The results of this study suggest that 18F-FDG PET/CT pSUVmax is a predictive factor for pCR of HR-positive, HER2-negative breast cancer to NAC.

Peer Review reports

Background

Despite remarkable improvement in breast cancer treatment, breast cancer is still one of the most prevalent cancers and the second leading cause of cancer death in women. Therefore, research on new treatment approaches, including neoadjuvant chemotherapy (NAC), is ongoing. NAC was initially introduced for the management of locally advanced or inoperable breast cancers and showed additional advantages, such as down-staging to breast conserving surgery [1,2,3] and monitoring therapeutic response [4], without significant survival outcomes [5, 6]. For resectable breast cancer, pathological parameters such as tumor size, axillary lymph node involvement, histological grade, hormone receptor (HR) status, and human epidermal growth factor receptor 2 (HER2) status have been used as prognostic factors for survival. Most of these pathological parameters cannot be fully evaluated from small specimens acquired by core needle biopsy in this setting. Several large studies and a meta-analysis revealed that pathologic complete response (pCR) itself predicts survival of patients with aggressive breast cancers, including HER2-positive and triple-negative subtypes [7, 8]. Therefore, the achievement of pCR after NAC has been accepted as a predictive marker of long-term oncologic outcomes and became a surrogate endpoint for prognosis in this setting [9, 10].

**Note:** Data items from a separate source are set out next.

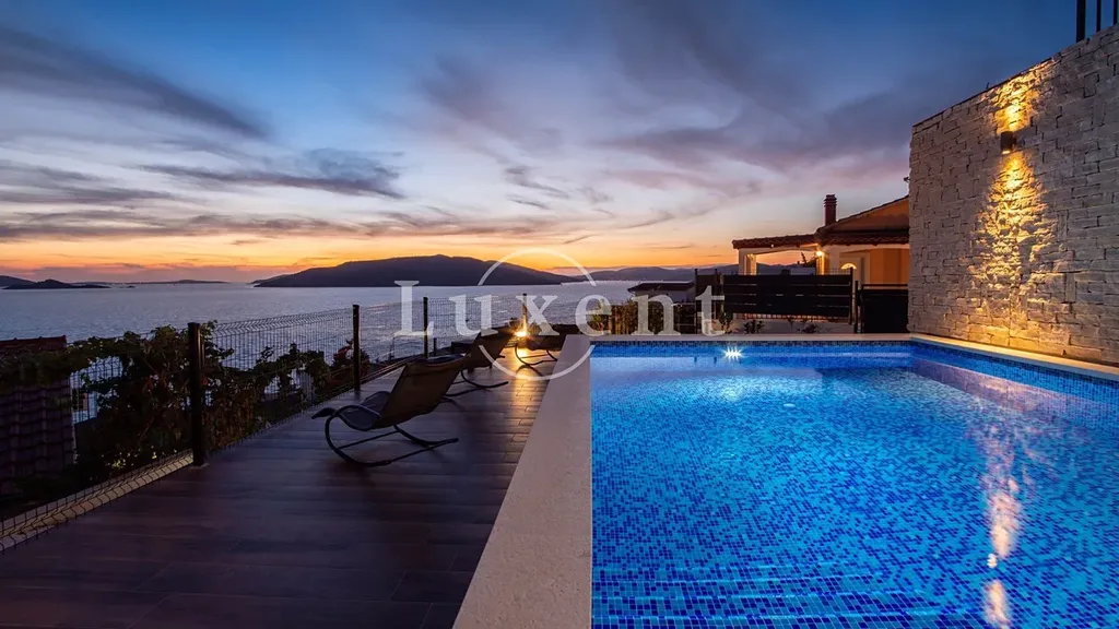 V přízemí vily se nachází wellness zóna se saunou, vířivkou a přímým vstupem k velkému vyhřívanému bazénu o rozloze 33 m2, který je obklopen prostornou sluneční terasou a zelení. Druhé podlaží nabízí komfortní ložnici s vlastní koupelnou, plně vybavenou kuchyň s jídelním koutem a prostorný obývací pokoj. Z něj se francouzskými okny vstupuje na venkovní terasu, odkud se otevírá úchvatný panoramatický výhled na moře a okolní přírodu. Třetí podlaží je navrženo jako klidová zóna se čtyřmi samostatnými ložnicemi, každá s vlastní koupelnou, což zajišťuje absolutní pohodlí pro větší rodinu nebo skupinu hostů.
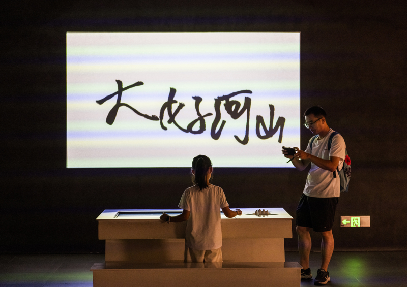 游客带孩子在塱头村的春阳台艺文中心体验书法互动装置。
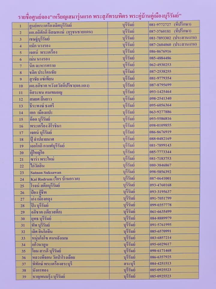 ขอขอบคุณ ข้อมูลโดย :: ศูนย์พระเครื่องเลิศ บุรีรัมย์ , คุณวิชาญ ครุฑรัมย์ , เอก เมืองแปะ และคุณเชษฐ์ หอมดวง ที่เอื้อเฟื้อข้อมูล
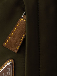 small canvas utility shoulder bag Highlights - Olive green - Adjustable shoulder strap - Logo plaque - Front zip pocket - Contrast stitching - Detachable strap elements Composition Lining: Recycled Nylon 100% Outer: Recycled Polyamide 100%, Suede 100% SIZE & FIT Measurement DEPTH 3.93 in(10 cm) HEIGHT 4.92 in(12.5 cm) WIDTH 7.87 in(20 cm)
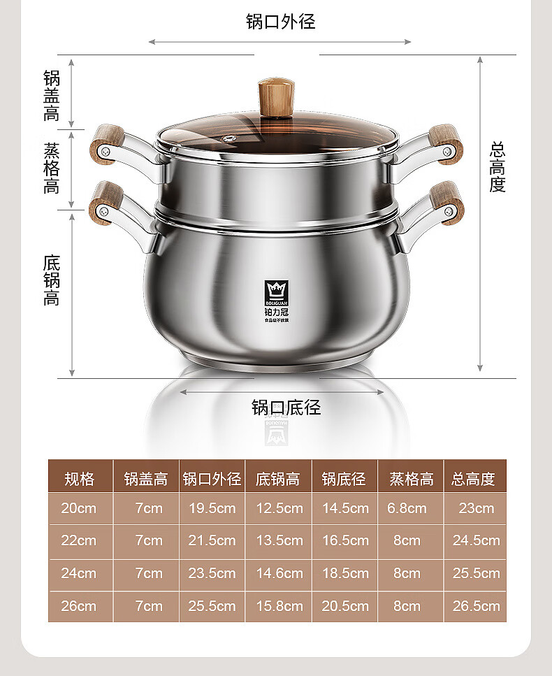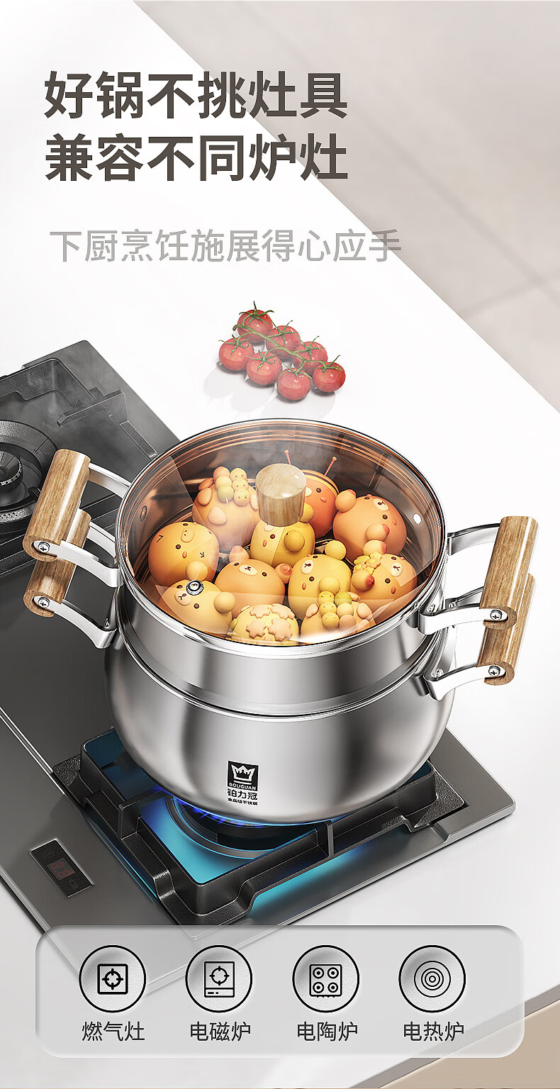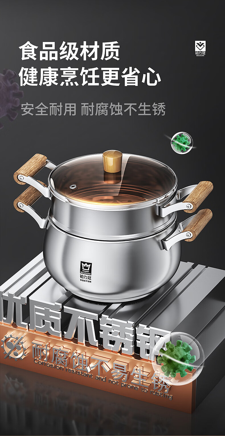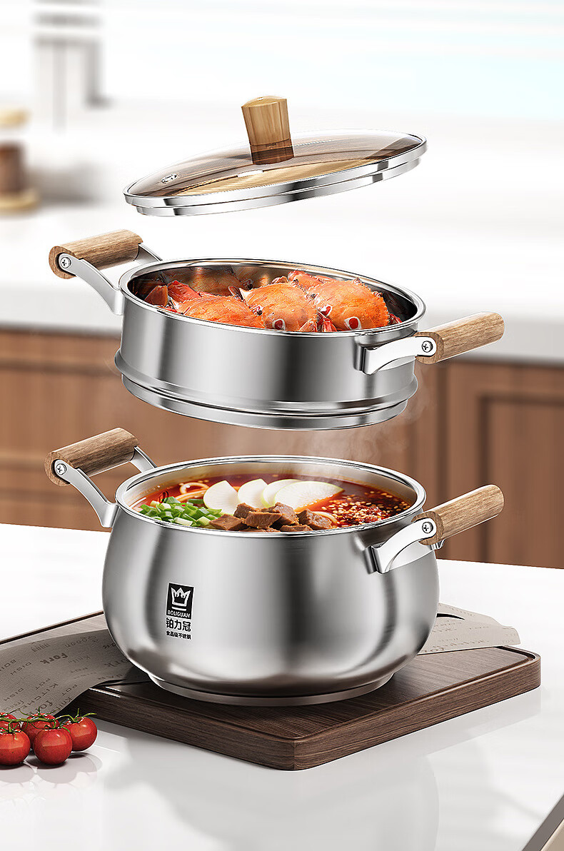 Fat Donglai Yangma recommends the new thickened steamer 316 stainless steel large capacity household multifunctional soup pot 316 food grade with steaming grid_( 24cm 20-26cm
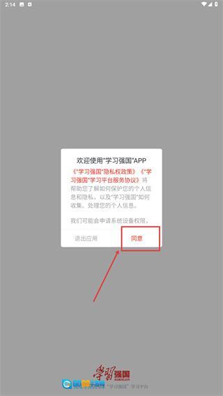 1、在“学习强国”启动弹窗,点击【同意-功能按钮】,确认隐私政策与服务协议,进入应用首页。
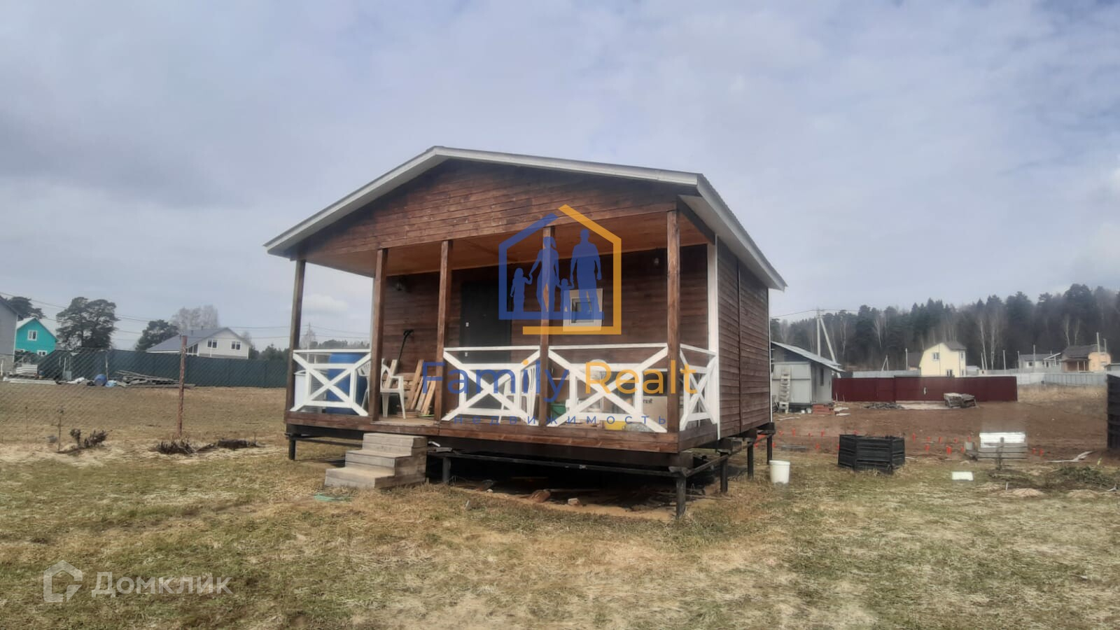 Участок огорожен, выровнен и готов к строительству основного дома.
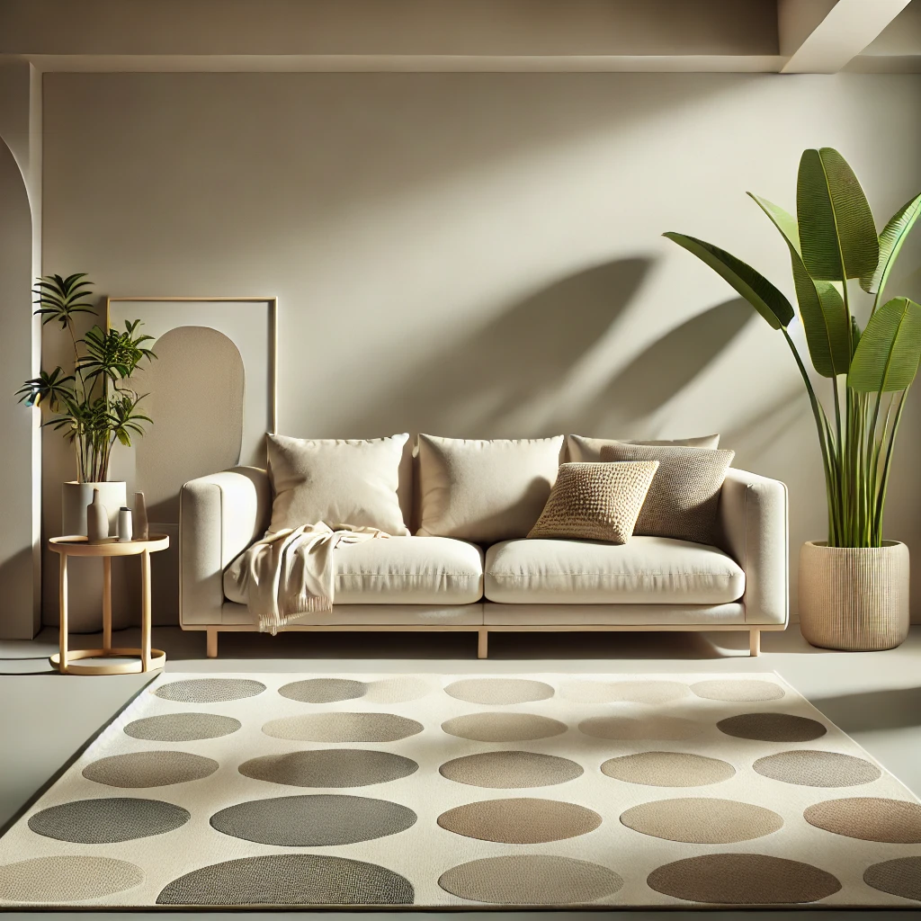 The “soft pebble” dotted rug with neutral tones of beige – gray – light brown creates a warm, minimalist and harmonious feeling for the modern living room.
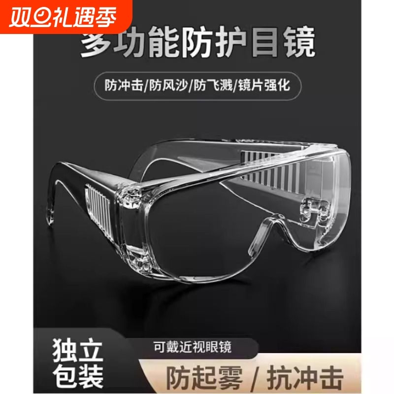 护目镜防灰尘不起雾骑行防风眼镜劳保防飞溅可戴眼镜打磨切割防雾

Meanwhile, for patients with HR-expressing breast cancer, the most common subtype, achieving pCR is infrequent and did not statistically correlate with survival in a meta-analysis [11]. In this analysis, pCR rate of HR-positive, HER2-negative, low grade breast cancer is 7.5% compared to 33.6% in triple-negative subtype or 50.3% in HER2-positive, HR-negative subtype. The association between pCR and long-term outcomes was strongest in patients with triple-negative breast cancer (Event free survival: HR 0·24, 95% CI 0·18–0·33; OS: 0·16, 0·11–0·25) and in those with HER2-positive, HR-negative tumors (Event free survival: 0·15, 0·09–0·27; OS: 0·08, 0·03, 0·22).

Although, pCR rate is low in HR-positive breast cancer, patients with high grade/HER2-negative or luminal B tumors more frequently achieve pCR, which correlates with better survival and suggests the clinical value of differentiating luminal B from luminal A tumors before NAC [11, 12].

Because subtype determination by molecular assay is expensive [13] and assays of specimens acquired by core needle biopsy do not always correlate with those of whole tumor specimens, new parameters are needed to refine NAC strategies or to estimate survival outcome before NAC.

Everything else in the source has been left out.